Magnificent Comeback

This is wonderful news. The bald eagle is likely to be removed from the endangered species list within the year:

Seven years after the government said the fierce raptor is no longer threatened with extinction, officials finally have a plan for removing it from the endangered species list."Partly it just fell through the cracks," said Jamie Rappaport Clark, executive vice president of Defenders of Wildlife, who proposed delisting the bird in 1999 while she was President Clinton's Fish and Wildlife Service director. The process has taken far longer than the typical year, partly because updated counts are required from each of the states, and some of those have rules that add red tape.

Clark called the bald eagle "a success story" for the embattled Endangered Species Act, which Republicans in Congress and the Bush administration have been pushing to reshape so that more responsibility is given to private landowners instead of the federal government.
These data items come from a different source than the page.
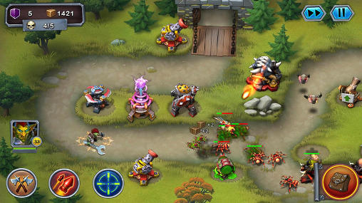 Head an army of goblins and use the inventions to defend the kingdom from the cunning enemy. Build turrets and towers on the way of your enemy. In this game for Android you'll have to defend against superior enemy forces. Fortunately you have cunning goblins fighting on your side who have excellent knowledge of mechanics and have secret knowledge. Use goblin technology like powerful cannons and defensive towers. Place them on the battlefield. Upgrade your towers, increasing their firepower. Control brave heroes.
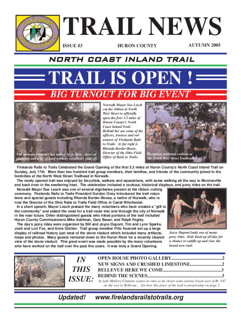 TRAIL NEWS ISSUE #3HURON COUNTYAUTUMN 2005NORTH COAST INLAND TRAILTRAIL IS OPEN ! BIG TURNOUT FOR BIG EVENTThe moment everyone has waited for is here. Years of planning and a lot of hard work by volunteers
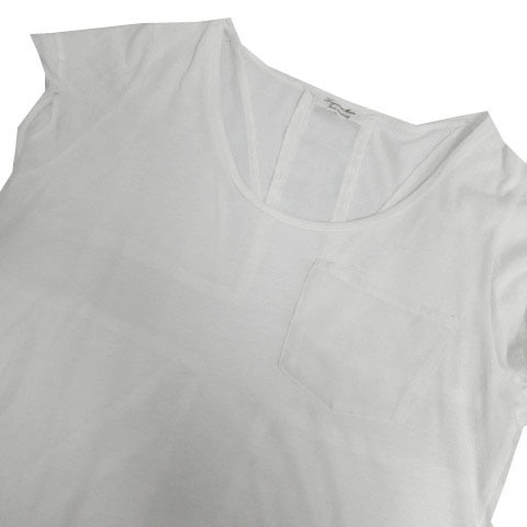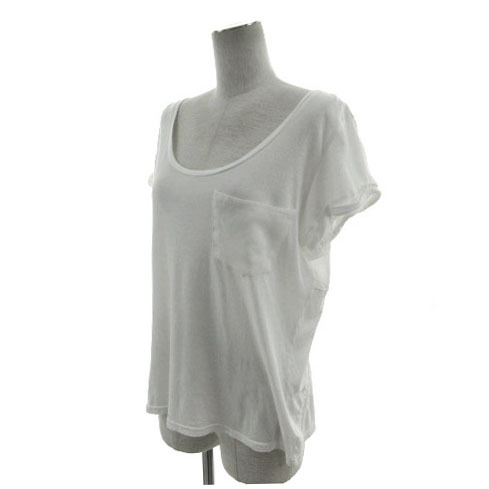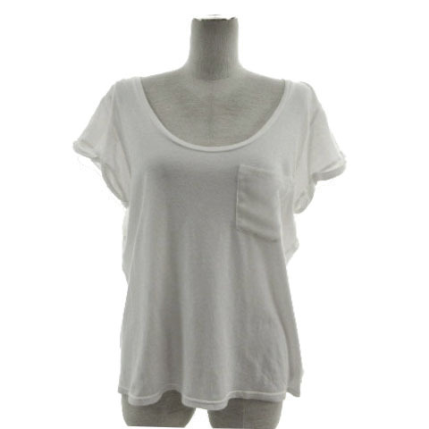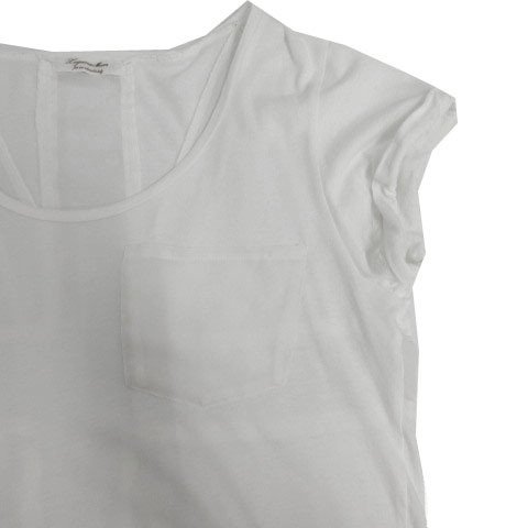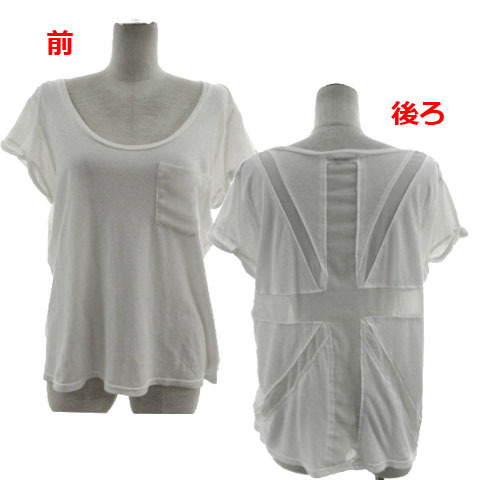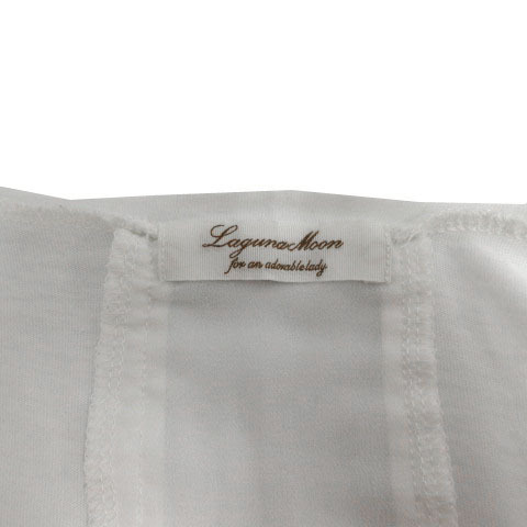 ラグナムーン LagunaMoon カットソー ボートネック 胸ポケ フレンチスリーブ バックユニオンジャック ホワイト 白 F レディース
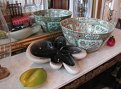 Her deft but effective addition to the fountain in the garden is a winner – I’m not revealing it – just go see it. The afore-mentioned gilded skulls appear in the breakfast room along with other Depew ceramics, some so consistent with the house’s furnishings (a luster-ware over blue and white dish) that one thinks they belong. Her ceramic table arrangement has something of the quality of a vanitas painting done in cake icing. According to Wuilfe, Depew was fascinated by the combination of history, science and decorative art that is the legacy of Dr. Physick (known as the “Father of American Surgery”), but her response to the visual exuberance of the furnishings is more obvious.
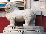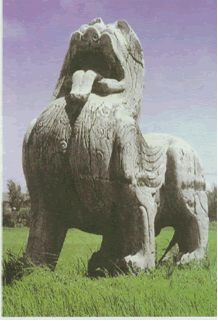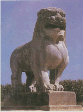 南北朝時(shí)期,墓前雕像有所恢復(fù),一般都在墓前設(shè)置一對(duì)或多對(duì)石獸。這種悖常為“神獸”的想象中動(dòng)物形象,被成為“麒麟”,有的似獅虎,卻右翼,被稱為“避邪”。這種石雕一般都比較龐大,姿態(tài)宏偉,整體感較強(qiáng),又較為濃厚的漢代遺風(fēng)?,F(xiàn)存遺跡多為南北朝時(shí)作品,江蘇南京周邊比較多見(jiàn)。其中最為杰出的是江蘇句容石獅村梁南康簡(jiǎn)王蕭績(jī)墓前的石雕群,造型簡(jiǎn)潔,體積感強(qiáng),最能代表當(dāng)時(shí)的藝術(shù)風(fēng)格。
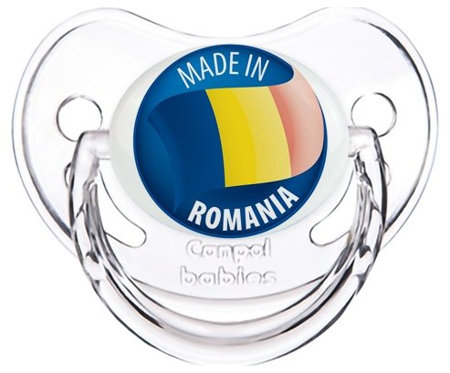 Tétine personnalisée pour bébé Made in ROMANIA à embout Physiologique en silicone de la marque Canpol Babies avec impression en en Couleurs de la Collection Pays / Équipes .La silicone se reconnaît par sa couleur transparente. C'est une matière souple, douce, sans goût ni odeur et offre à bébé une succion plus facile grâce à sa souplesse.
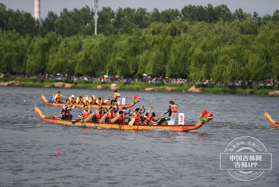 6月22日端午节当天,“龙腾春城 舟行吉水”吉林省第一届全国龙舟邀请赛在长春市伊通河卫星路至南环城路水域开赛。
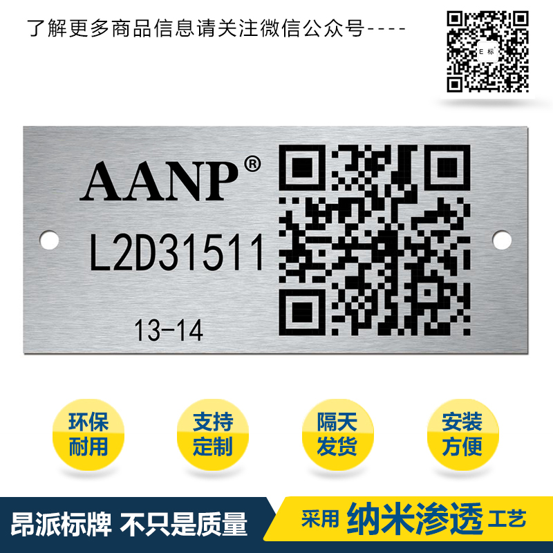儀器零件二維碼銘牌標牌 時間:2018-05-18 18:39:18 分類:金屬二維碼 瀏覽:次 關于金屬二維碼使用特征: 金屬二維碼---進口納米鋁板---高科技德國滲透印刷技術---耐摩擦,耐溶劑,耐高溫,抗摩擦,耐紫外線,耐化學品性,耐腐蝕性,滲透印刷技術做出來的金屬二維碼使用壽命長,不易掉色,金屬二維碼識別率快,掃描率高。 分享收藏: 上一個: 樹木二維碼銘牌標牌 下一個: 倉庫管理二維碼銘牌標牌 相關產(chǎn)品 托盤二維碼銘牌標牌 金屬貨架二維碼銘牌標牌 汽車二維碼銘牌標牌 設施二維碼銘牌標牌 機器二維碼銘牌標牌 石油二維碼銘牌標牌

"Across the range, you can't deny the incredible success of the return of the bald eagle," she said. "A lot of attention, energy and money was put into its recovery."

The bird has battled back from the threat of extinction because of habitat loss and the pesticide DDT.

The Interior Department's Fish and Wildlife Service issued draft voluntary guidelines spelling out how landowners, land managers and others should protect the bird once the 1973 law no longer safeguards it. It also proposed prohibitions on "disturbing" the bald eagle, which could include anything that would disrupt its breeding, feeding or sheltering or cause injury, death or nest abandonment.

Officials said Monday's action could lead to the bald eagle coming off the endangered species list within the next year or so.

Hall said at least 7,066 known nesting pairs now exist in the contiguous United States. The bald eagle's territory stretches over much of the North American continent. Tens of thousands more live in Alaska and Canada, where their existence never was imperiled.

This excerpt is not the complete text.